Under the new regulations, Ministries, government bodies, and public institutions must retain 5% of payments made under contracts, agreements, or transactions until a tax clearance certificate from the Ministry of Finance is provided.
Payments to entities subject to the Domestic Minimum Top-Up Tax (DMTT) under Law No. (157) of 2024 are exempt from the 5% retention if the entity presents a valid DMTT registration certificate. Retention continues to apply to non-MNE payees.
The regulations introduce a five-year rule, requiring unclaimed retained amounts to be transferred to the Ministry of Finance. Government contracts may no longer include gross-up clauses that obligate the state to pay taxes on behalf of contractors or grant unauthorised tax exemptions. Entities must provide a tax clearance certificate before receiving government services.

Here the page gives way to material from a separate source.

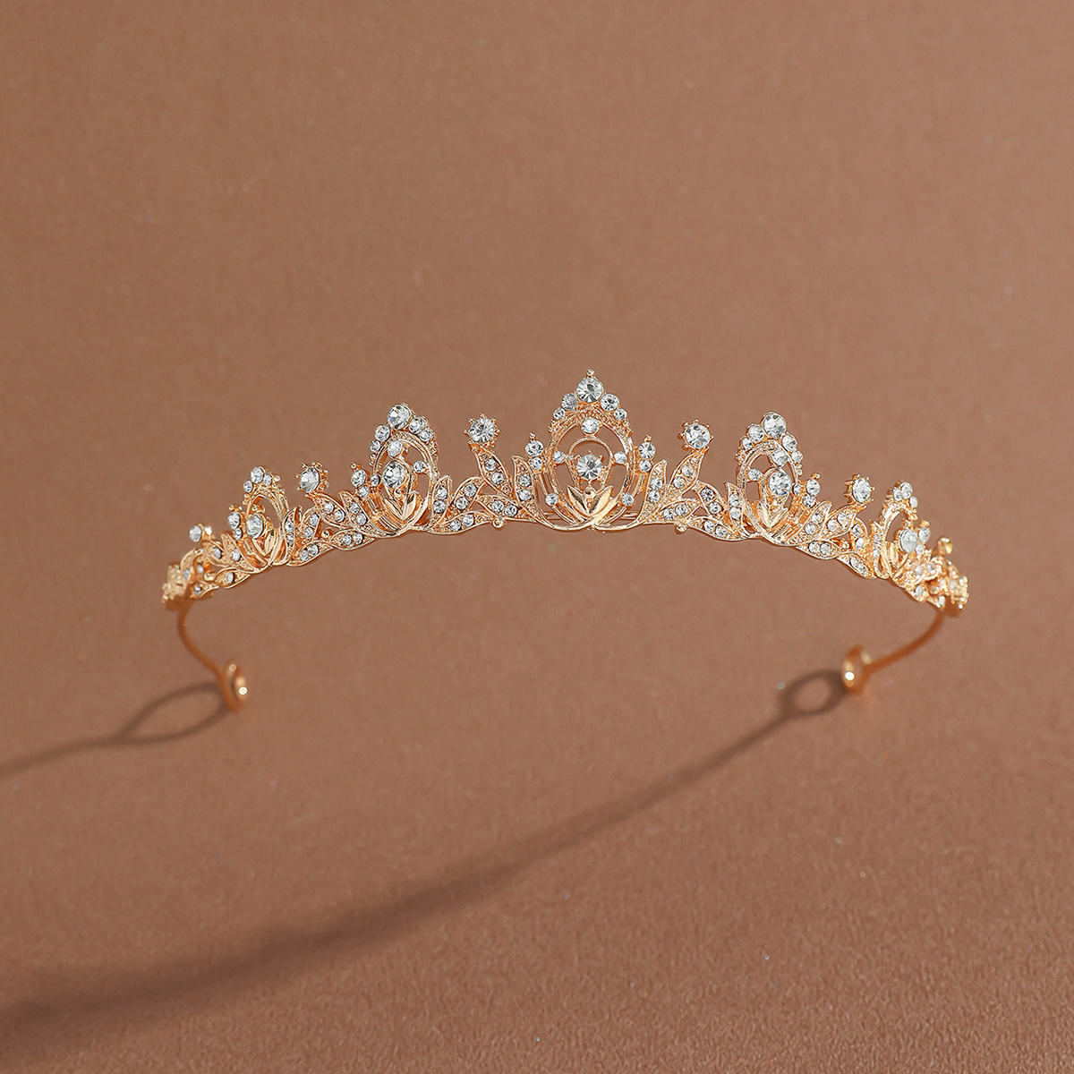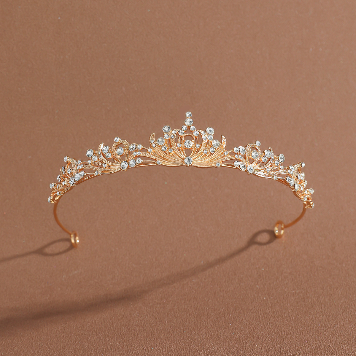 クロスボーダーブライダルクラウンフレンチヘッドバンドクリスタル合金クラウンウェディングヘアスタイルティアラプリンセス誕生日ラインストーンヘアアクセサリー

The rules cover a wide range of payees, including suppliers, contractors, service providers, subcontractors, vendors, and manpower suppliers. Retained amounts must be tracked consistently across invoices, advance payments, and final settlements. Release of retained funds is only permitted upon submission of a formal clearance document such as a Tax Clearance Certificate, Retention Release Certificate, or No Objection Letter. Finance teams must maintain detailed records linking contracts, invoices, payments, and retention history to ensure compliance and support any potential inspection.